Back then, the country was still in an exultant mood over its victory in the
brief Persian Gulf War earlier that year. And I heard Bill Clinton note,
almost in passing, that he'd supported George H. W. Bush when that president
asked Congress to authorize him to use force in that crisis.
I was stunned. That's not the way I remembered it. Or the way I'd been
writing about it all those months. I thought Bill Clinton had said he agreed
with those who'd opposed authorizing the president to use force.
Had I been wrong all this time? I headed back to Pine Bluff in a sweat,
dreading the mammoth correction I was going to have to run.
But when I checked the files, sure enough, there was the AP story.

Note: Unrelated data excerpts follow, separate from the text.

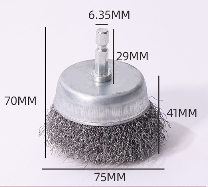 Щетка торцевая для дрели от для снятия различных покрытий с изделий и поверхностей. Изделие имеет плоскую форму, рабочая часть выполнена из высококачественной, прочной проволоки волнистой формы толщиной 0,35 мм. Хвостовик шестигранный диаметром 6,35 мм. Щетка предназначена для удаления ржавчины, покрытий из лака, краски и т.п.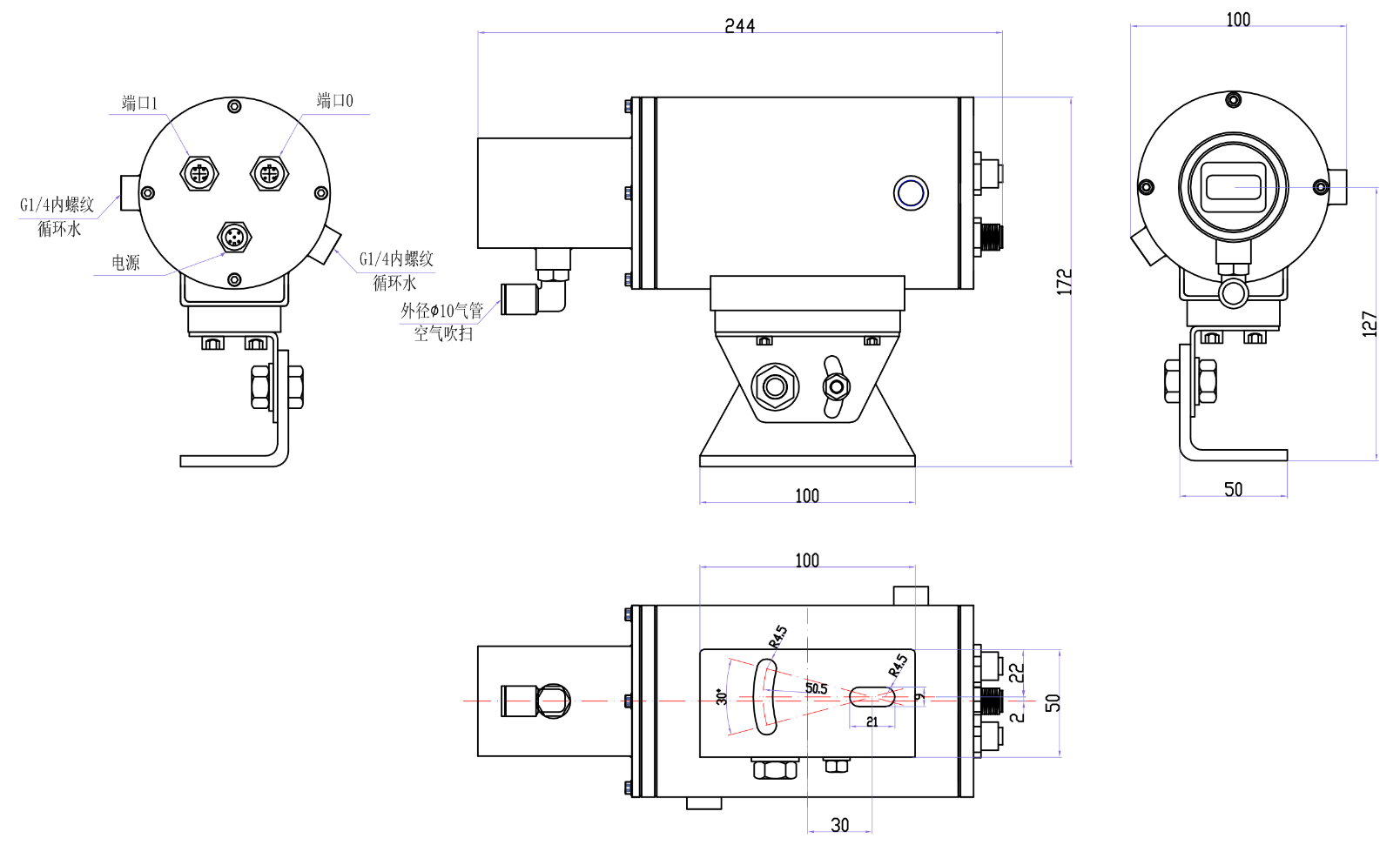 ● 不(bu)锈(xiu)钢外壳,可(ke)通水、气停止冷却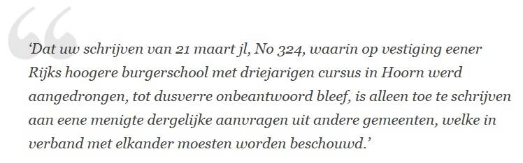 Die oneliner tekende ik in mei 2001 op uit de mond van de toenmalige directeur van de Centrale Directie van het Atlascollege. In die onderwijskoepel was onder meer de opvolger ondergebracht van de vierjarige hbs van Hoorn, die in 1908 was overgegaan naar het Rijk. Bij het begin van de onderwijshervorming van 1863 hadden vrijwel alle kleinere gemeenten om verschillende redenen een rijks-hbs geambieerd. Een rijks-hbs was een gewild artikel. Slechts enkele kregen hun zin.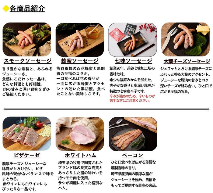 【ギフト梱包・のし対応】12月23日(火)までのご注文まで年内発送いたします。年始は1月6日(火)以降順次発送いたします。お歳暮や年末年始のご挨拶、お年賀にぜひ。【セット内容】スモークソーセージ120g、蜂蜜ソーセージ120g、七味ソーセージ120g、大葉チーズソーセージ120g、ピザケーゼ110g、ホワイトハム110g、ベーコン110gの7種セット。【発送】冷凍発送【消費期限】1か月【注意事項】七味ソーセージは、辛みが強いため、辛いものが苦手な方はご注意ください。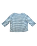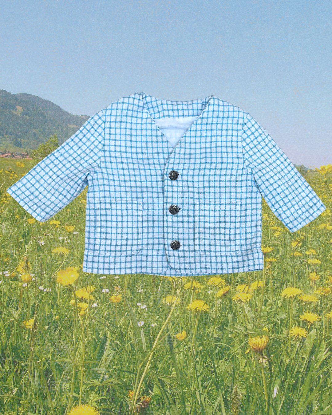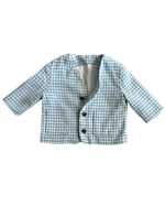 Lightweight, vintage blue checkered blazer with brass buttons. Rust stain underneath top button, see photos. Estimating it at 9-12m, see measurements. Cotton.
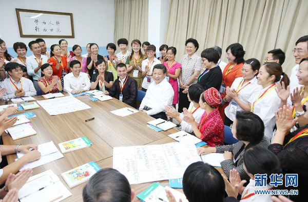 (2014年9月9日,习近平来到北京师范大学看望教师学生,向全国广大教师和教育工作者致以崇高的节日敬礼和祝贺。这是习近平同正在北师大参加“中小学教师国家级培训计划”的贵州小学骨干语文教师交流。新华社记者姚大伟摄)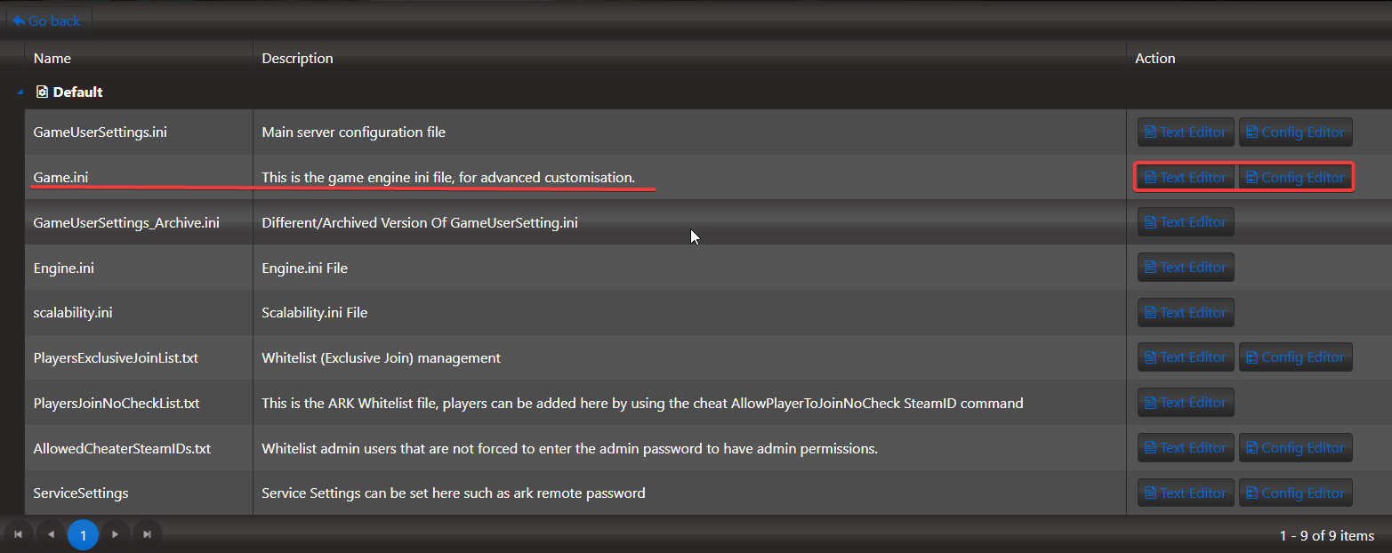 4. On the Configuration Files, look for Gameini file and click the Text Editor.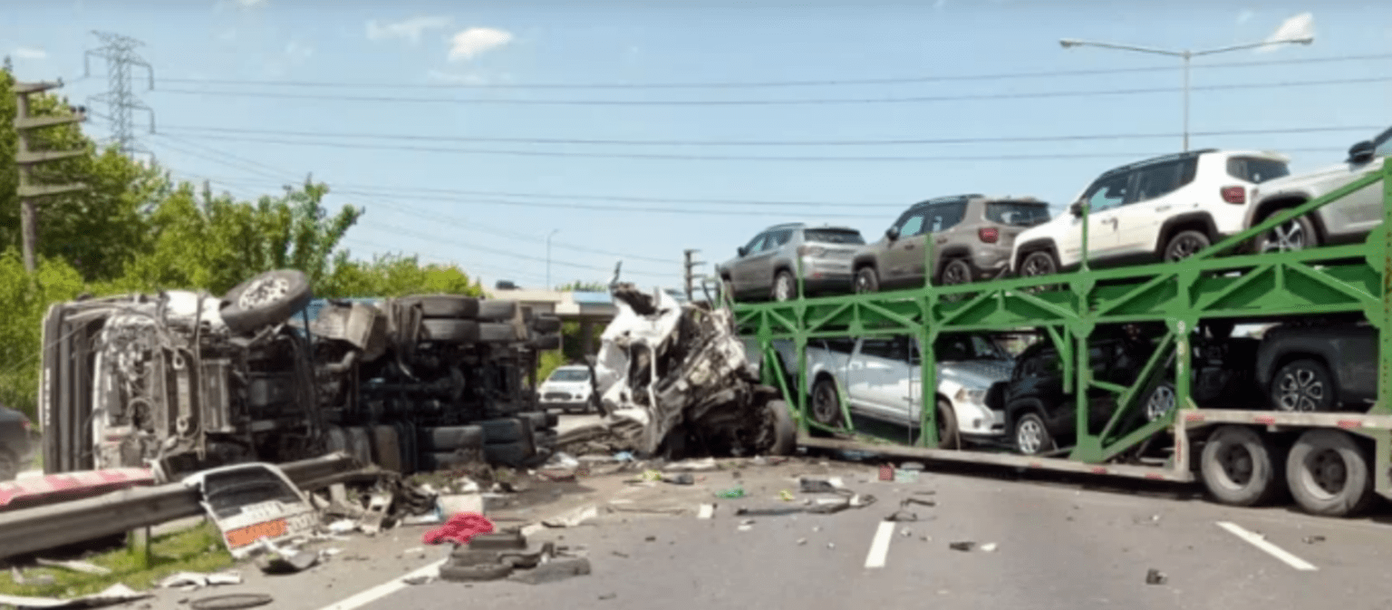 Según las autoridades viales, el choque entre los dos vehículos provocó que uno de ellos volcara y quedara fuera de la traza de la autopista, mientras que el otro camión, que transportaba autos, quedó cruzado en la vía, bloqueando completamente el tránsito.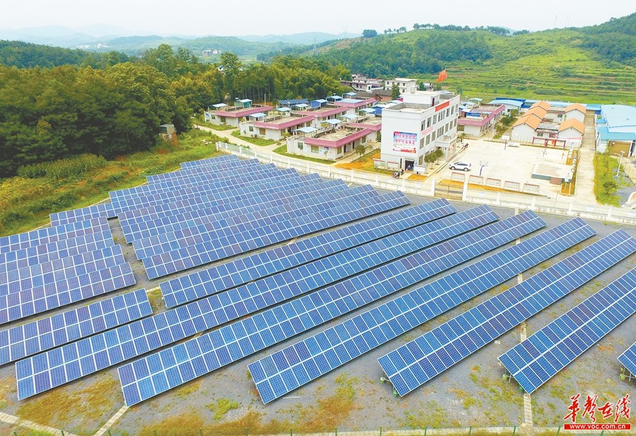 7月11日,邵阳县白仓镇塘代村光伏扶贫电站,一排排太阳能电池板整齐排列。近几年,该县先后在各贫困村新建了96个光伏扶贫电站,装机容量达6600多千瓦,每年给贫困村带来收入300余万元。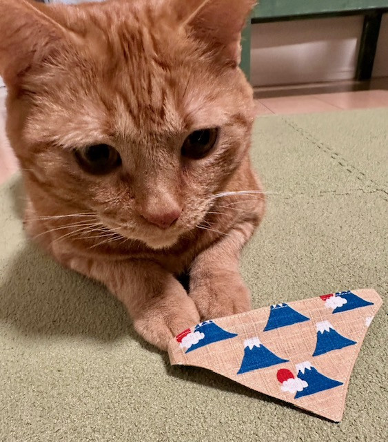 私も、我が家の茶太郎、虎太郎におめかし。新しいバンダナをプレゼントしました。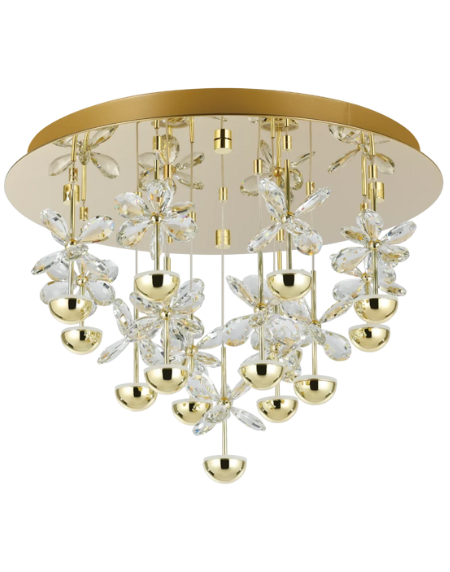 PIANOPOLI3 LED Ceiling Lamp – 50cm Ø × 36.5cm H, Brass Steel with Hanging Crystal Drops, 3,600lm Warm White (3000K), Dimmable, 5‑Year Warranty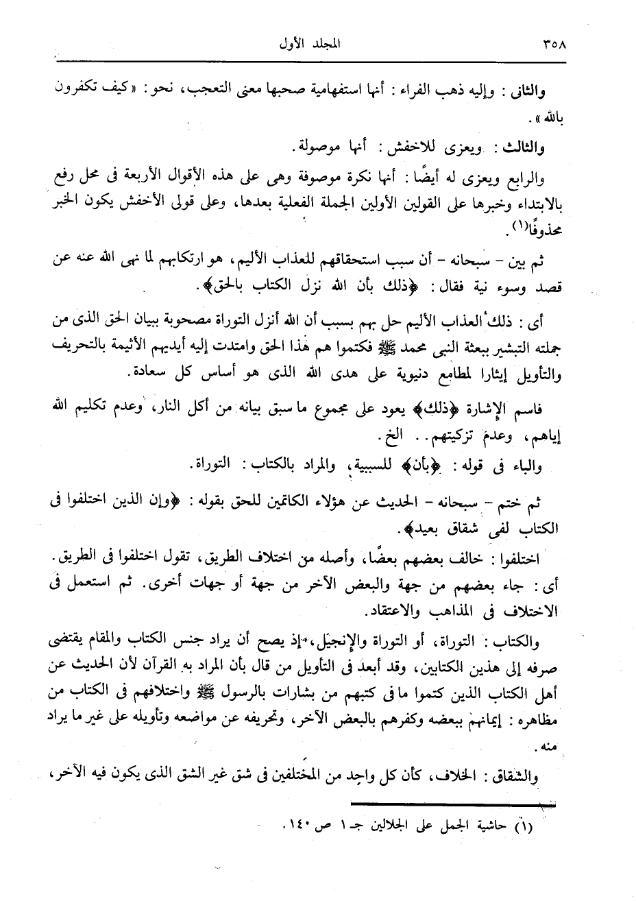 (1) حاشية الجمل على الجلالين ج 1 ص 140.
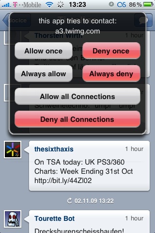 dort kann man dann auswählen ob man das einmal erlauben/verhinden oder immer erlauben/verhinder möchte oder ob man zukünftig alle verbindungen annehmen/ablehnen möchte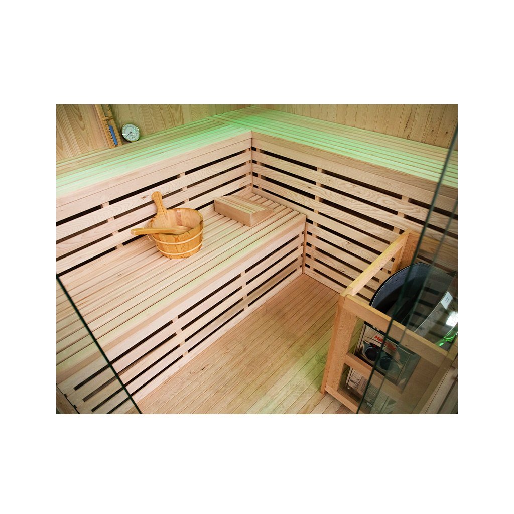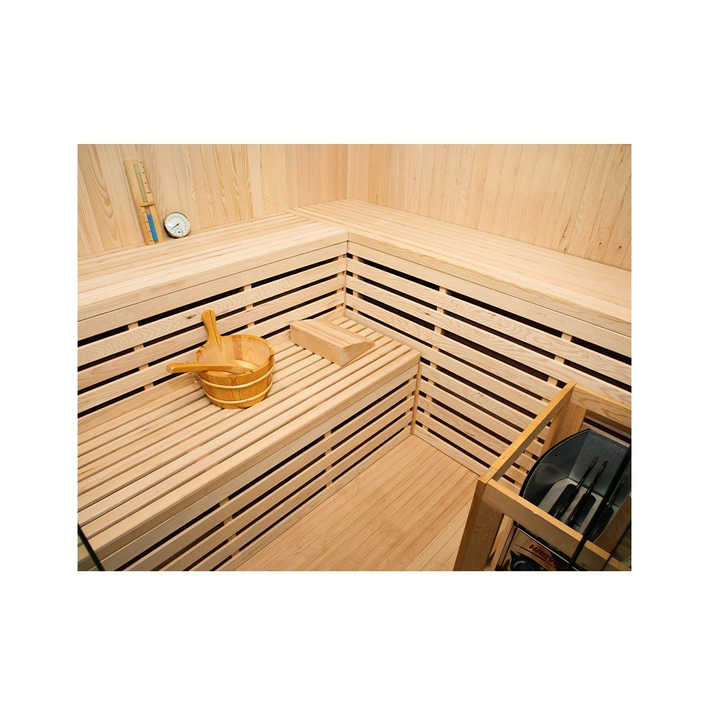 - Sauna je vyrobena z Kanadského jedlovce - Hemlock. Jedná se o nejideálnější materiál pro výrobu saun. Dřevo Hemlock neobsahuje pryskyřici a nevypouští žádné vůně.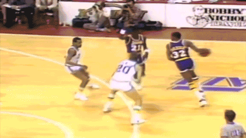 The live-action sequence above shows Magic Johnson passing the ball to Kareem Abdul-Jabbar during the 1984-85 NBA season.

Its
headline: "Clinton Waffles on War Decision." It had appeared three days
after the fateful vote in Congress, and here was what he'd actually said:
"I agree with the arguments of the people in the minority on the resolution
- that we should give sanctions more time and maybe even explore a
full-scale embargo Š before we go to war."
But now that the war had been fought and won, Slick Willie was all for it.
He was not about to desert his country in its hour of victory. If a single
personal experience made me resolve never again to trust anything Bill
Clinton said, that was it.
Was his ex-post-facto support for that war just an innocent lapse of memory,
or of character? Me, I've always had the greatest respect for Bill Clinton's
memory.
Now he's back playing games with the past again. But never fear, should the
long light of history reveal that in the end this long, long struggle in
Iraq has bolstered freedom and stability in that always-volatile part of the
world, rest assured, Bill Clinton will have been for it all along.